Tuesday, June 10, 2014

Learning Spanish

Last year during my April 2013 hospitalization, one of my roommates was from Honduras. She did not speak that much English. She patiently taught me Spanish for two days. I was highly manic so my brain was wide open. I learned Spanish as easy as if I was a young child. To be fair, I studied French in middle and high schools and Spanish in college. But taking two languages only confused me. I know both equally poorly. In my head I can't tell the difference between Spanish and French. I have no accent for either language; I just sound like a Jersey girl trying to talk another language.

Pressured speech is a symptom of mania. It means I talk very fast, with the words rushing out of my mouth as if I'm going to lose the ability to speak in 5 minutes. The pressured speech meant that I sounded like a native Spanish speaker! I even had one of the patient care technicians ask me if I was Dominican because my Spanish was so good. That was such a compliment.

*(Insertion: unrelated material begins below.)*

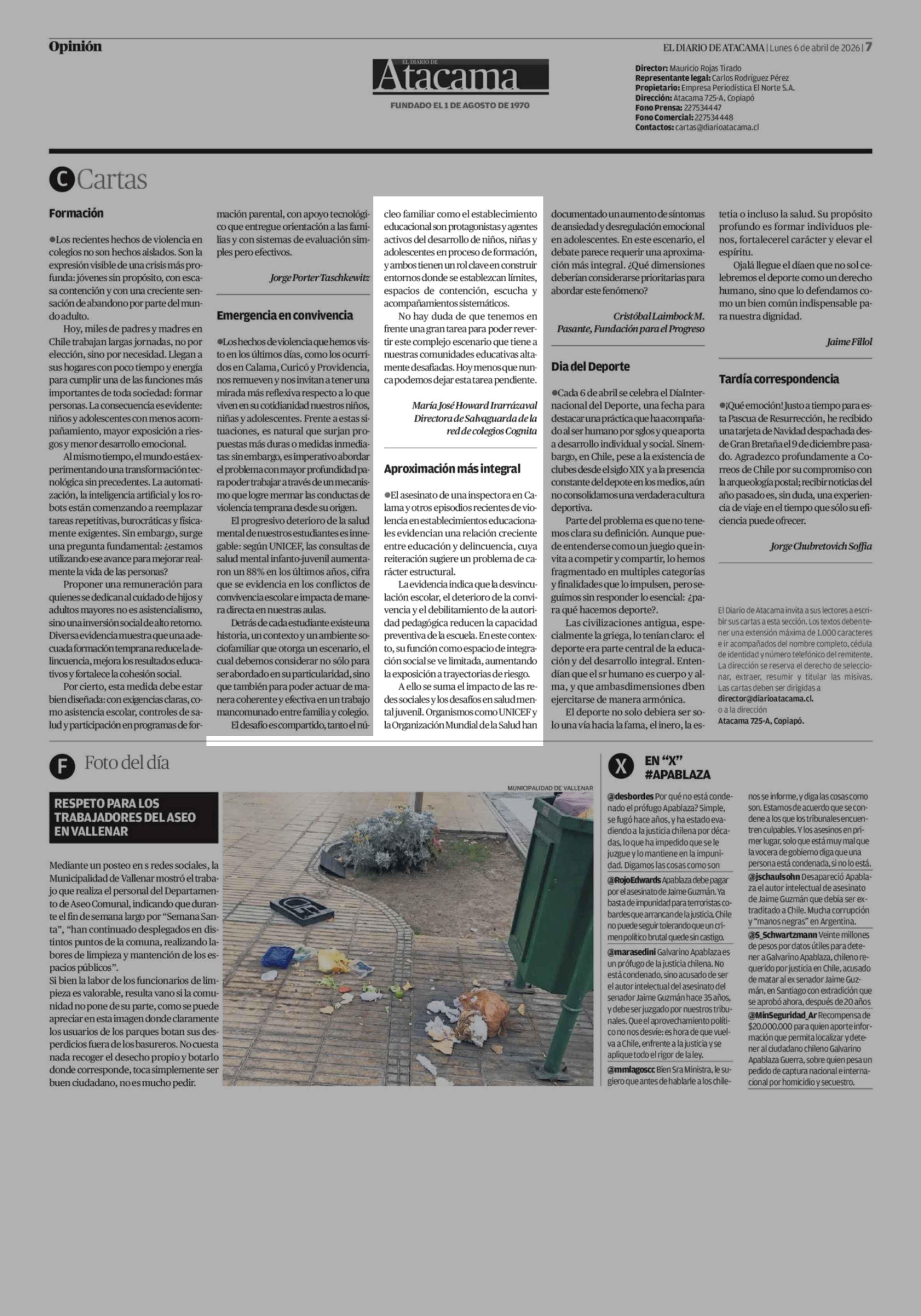 Fecha: 06-04-2026 Sector: Cartas Región: Región de Atacama

I have since lost my Spanish fluency. Use it or lose it. But I've just purchased a Rosetta Stone and I'll be moving in with a Puerto Rican friend next month. I'm going to use the Rosetta Stone and make my friend talk to me. (She used to work as a Spanish translator for PSE&G.)

I have more to say about learning Spanish; but I've put it in an op-ed for The New York Times. I'll know next week if they are going to print my article. If they don't, I'm going to try to submit it to the Bipolar Magazine.

So stay posted...

2 comments:

  1. Definitely, post the article you wrote when you get a chance or a link please!

    ReplyDelete
  2. I can't publish it yet (or the NY Times won't accept it if it's been published already). I can email it to you. I'll send you a FB inbox.